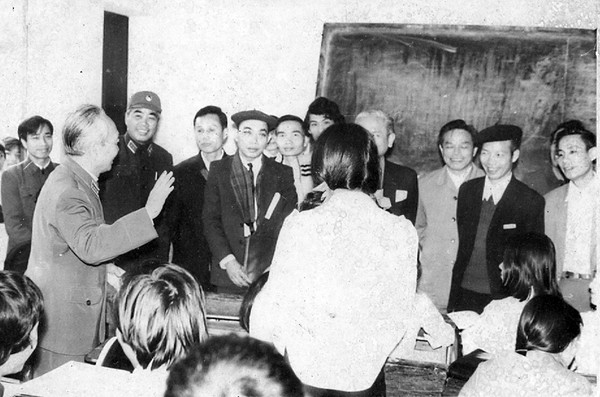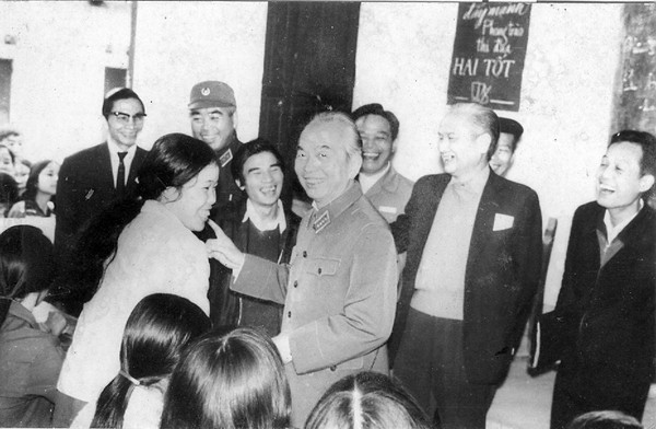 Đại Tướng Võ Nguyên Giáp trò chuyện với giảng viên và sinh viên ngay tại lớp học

---

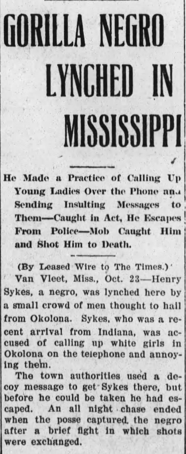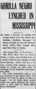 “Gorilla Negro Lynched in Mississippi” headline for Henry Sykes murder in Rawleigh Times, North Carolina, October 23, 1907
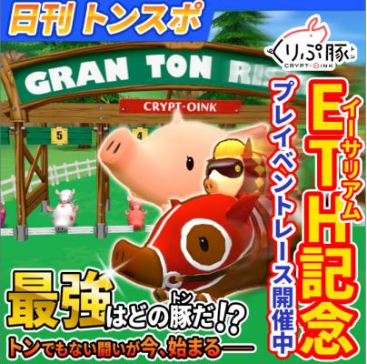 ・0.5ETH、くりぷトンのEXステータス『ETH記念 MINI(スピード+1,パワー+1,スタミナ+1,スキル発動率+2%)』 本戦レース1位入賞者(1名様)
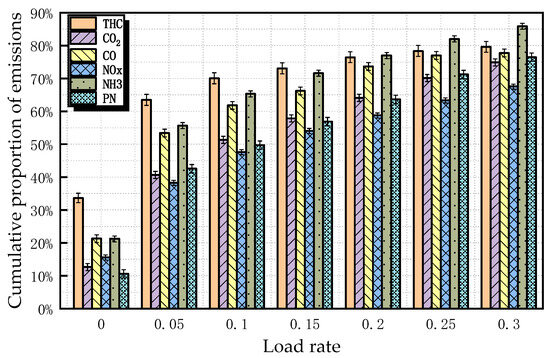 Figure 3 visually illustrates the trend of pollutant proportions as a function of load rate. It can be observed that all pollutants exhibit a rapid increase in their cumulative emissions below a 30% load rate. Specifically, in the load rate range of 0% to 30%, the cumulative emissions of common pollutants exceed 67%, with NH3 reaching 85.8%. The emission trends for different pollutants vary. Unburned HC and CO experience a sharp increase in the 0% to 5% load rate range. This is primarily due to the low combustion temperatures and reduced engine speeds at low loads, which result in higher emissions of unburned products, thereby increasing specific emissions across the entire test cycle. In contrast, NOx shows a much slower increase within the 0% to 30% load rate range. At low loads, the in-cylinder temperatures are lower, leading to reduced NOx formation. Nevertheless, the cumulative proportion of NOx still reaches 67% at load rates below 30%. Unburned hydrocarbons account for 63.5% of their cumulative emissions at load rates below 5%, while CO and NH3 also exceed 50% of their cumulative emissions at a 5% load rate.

...

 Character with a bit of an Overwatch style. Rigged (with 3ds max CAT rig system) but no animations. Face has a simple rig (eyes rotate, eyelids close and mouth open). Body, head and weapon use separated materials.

_TASK OBJECTIVE_
Above are the records; copy from them only the lines starting at the one containing "October 23, 1907" and ending at the one containing "Figure 3 visually", exactly and without pictures.

_RESPONSE BOX_
 “Gorilla Negro Lynched in Mississippi” headline for Henry Sykes murder in Rawleigh Times, North Carolina, October 23, 1907
 ・0.5ETH、くりぷトンのEXステータス『ETH記念 MINI(スピード+1,パワー+1,スタミナ+1,スキル発動率+2%)』 本戦レース1位入賞者(1名様)
 Figure 3 visually illustrates the trend of pollutant proportions as a function of load rate. It can be observed that all pollutants exhibit a rapid increase in their cumulative emissions below a 30% load rate. Specifically, in the load rate range of 0% to 30%, the cumulative emissions of common pollutants exceed 67%, with NH3 reaching 85.8%. The emission trends for different pollutants vary. Unburned HC and CO experience a sharp increase in the 0% to 5% load rate range. This is primarily due to the low combustion temperatures and reduced engine speeds at low loads, which result in higher emissions of unburned products, thereby increasing specific emissions across the entire test cycle. In contrast, NOx shows a much slower increase within the 0% to 30% load rate range. At low loads, the in-cylinder temperatures are lower, leading to reduced NOx formation. Nevertheless, the cumulative proportion of NOx still reaches 67% at load rates below 30%. Unburned hydrocarbons account for 63.5% of their cumulative emissions at load rates below 5%, while CO and NH3 also exceed 50% of their cumulative emissions at a 5% load rate.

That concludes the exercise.